Guy Thys, pelatih tim Belgia, menyebut kemenangan pemain
asuhannya sebagai hal wajar. Kegagalan Argentina mencetak gol
balasan, menurut dia, dikarenakan mereka tidak memperoleh
jawaban atas cara Belgia menguasai lapangan. "Ternyata Maradona
tidak istimewa," ujar Thys. Maradona, gelandang berharga US$ 8
juta, yang setiap pertandingan selalu dijaga ketat musuh,
ditakuti karena keahliannya merobek daerah pertahanan.

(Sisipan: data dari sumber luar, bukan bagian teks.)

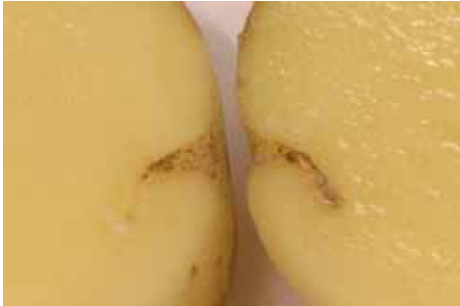
Doorgesneden knol (cv. Fontana). Ritnaald is de waarschijnlijke veroorzaker.

Gol tunggal Van den Berg tak cuma membuat Belgia menjadi
perbincangan di Grup III. Juga di pasar taruhan. Belgia, akan
turun melawan El Salvador, Sabtu malam, disebut-sebut sebagai
salah satu tim yang akan maju ke perempat final. Sebelumnya
mereka diperkirakan bakal tersisih dalam grup. Tapi Argentina
kalau-kalah satu kali lagi bisa tersisih. Semula calon kuat:
Argentina bersama Hongaria.
Prestasi Belgia dalam Piala Dunia di masa lalu memang tak pernah
mengesankan. Dari lima kali penampilan (1930, 1934, 1938, 1954
dan 1970) mereka tak satu kali pun berhasil melewati pool
penyisihan. Bahkan dalam dua turnamen terakhir gagal meraih
tiket finalis. "Masa lalu yang pahit," kata Thys. Dalam dekade
70-an itu Belgia sebetulnya cukup disegani lawan -- Klub
Anderlecht, Brussel, yang berstatus semiprofesional, pemegang
Piala Eropa 1976 dan 1978.
Ketika Thys ditunjuk menjadi pelatih tim nasional, tahun 1977,
hampir tak ada pemain senior yang dipunyai. Hingga ia terpaksa
merekrut kesebelasan junior -- di tahun itu menjuarai turnamen
Pemuda Eropa. Pemain intinya, waktu itu, adalah Eric Gerets,
Walter Meeuws, Paul Renquin, dan Jean Pfaff, semuanya ikut ke
Spanyol. Mujur bagi Thys adalah kembalinya Wilfried van Moer,
veteran Piala Dunia 1970, 37 tahun, memperkuat barisan tim
nasional.
Kesebelasan Belgia, yang pakai dinamo tua itu, ternyata tak
mengecewakan Thys. Tahun 1980 mereka menjadi runner up Kejuaraan
Eropa di Italia. Di final mereka dikalahkan Jerrnan Barat 1-2.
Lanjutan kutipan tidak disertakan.